> HOW TO COMPLETE THIS TASK: Output the lines from the top of the entries below to the line with "Before I could", both included, exactly and without pictures.

[Data items]
________________________________________

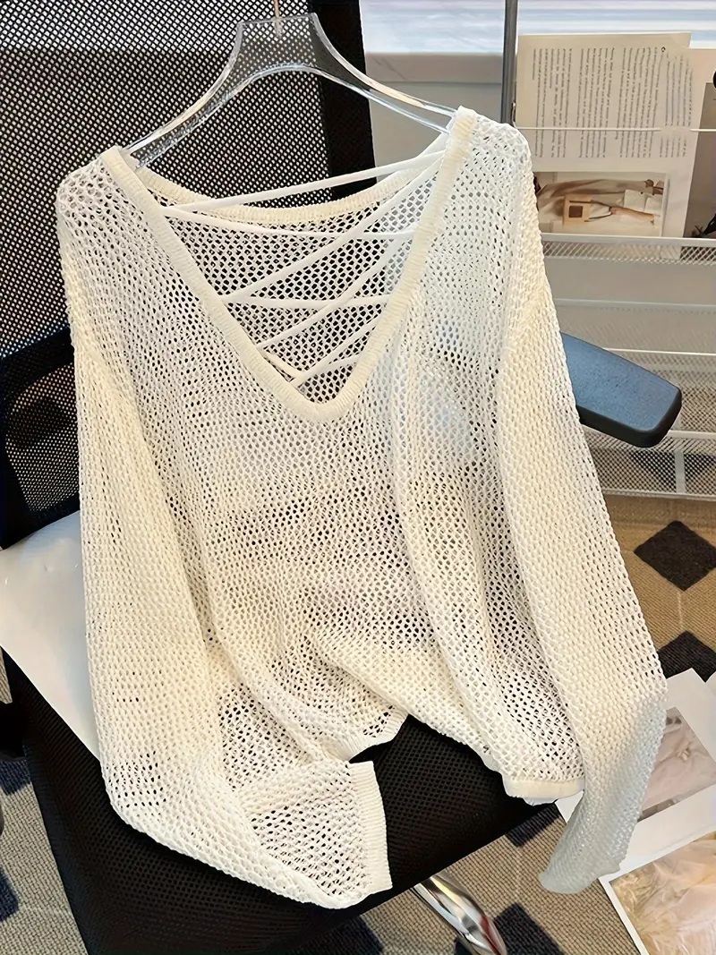 - カットソーアウトメッシュクロスオーバー男女兼用ユニセックスルーズウェア春夏涼しいセーターゆるふわであとはボトムで完璧なデザイン人気
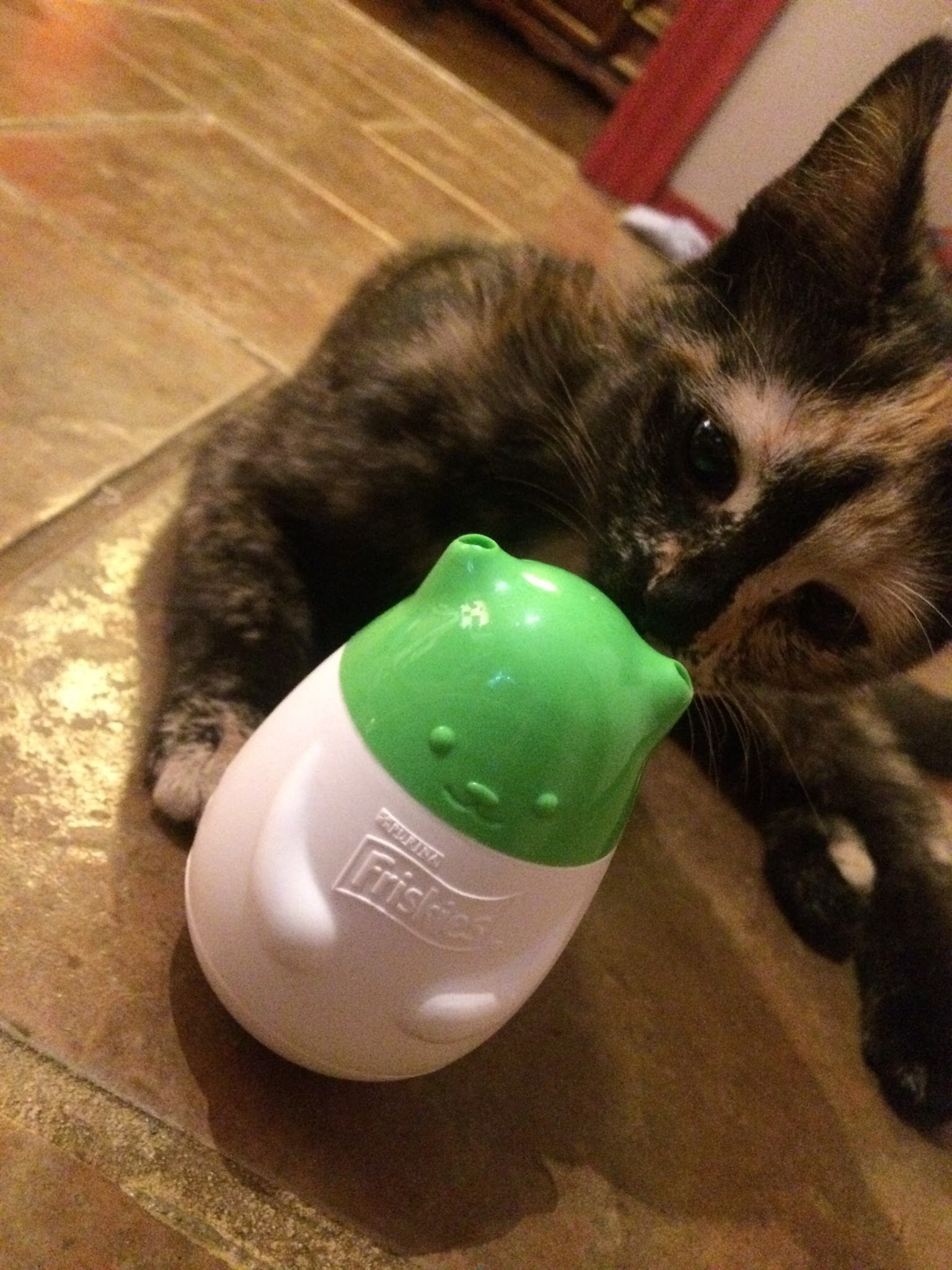 Before I could place any treats into her new toy she had already started bating at it. Talk about a cat toy winner!
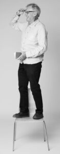 ◄ Of course any ‘person on a chair’ photograph of this type is going to remind you of Australian Lewis Morley’s photographic portrait of Christine Keeler, the star of Britain’s infamous ‘Profumo Affair’ sex scandal. Ms Keeler died in 2017, aged 75, but the 1963 photo is one of the iconic images of the 1960s. The photograph and the chair are both part of the Victoria & Albert Museum’s collection in London and it’s usually pointed out that although it looks like it the chair is not an original Arne Jacobsen design, Morley thinks he may have bought the chair, a cheap copy of the iconic original, in a Heal’s furniture store. Paul Dodd’s chair came from Ikea although it may have been even cheaper if indeed he picked it up from a roadside.
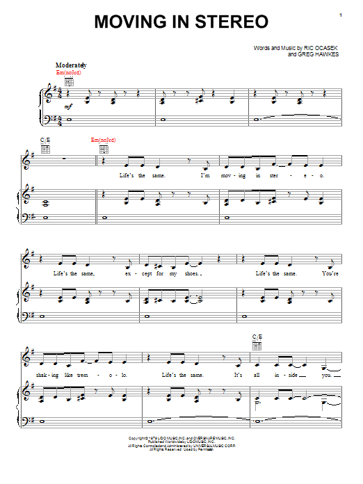 Download or print The Cars Moving In Stereo sheet music, chords and digital score arranged for Piano, Vocal & Guitar Chords (Right-Hand Melody). This Pop score includes 3 page(s).
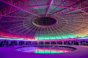 Amplas piscinas propiciam a sensação de exclusividade. Sendo que a aquecida é uma das maiores cobertas do país e tem cromoterapia que relaxa o hóspede durante o banho.

________________________________________

> SOLUTION FOR THIS EXERCISE:
 - カットソーアウトメッシュクロスオーバー男女兼用ユニセックスルーズウェア春夏涼しいセーターゆるふわであとはボトムで完璧なデザイン人気
 Before I could place any treats into her new toy she had already started bating at it. Talk about a cat toy winner!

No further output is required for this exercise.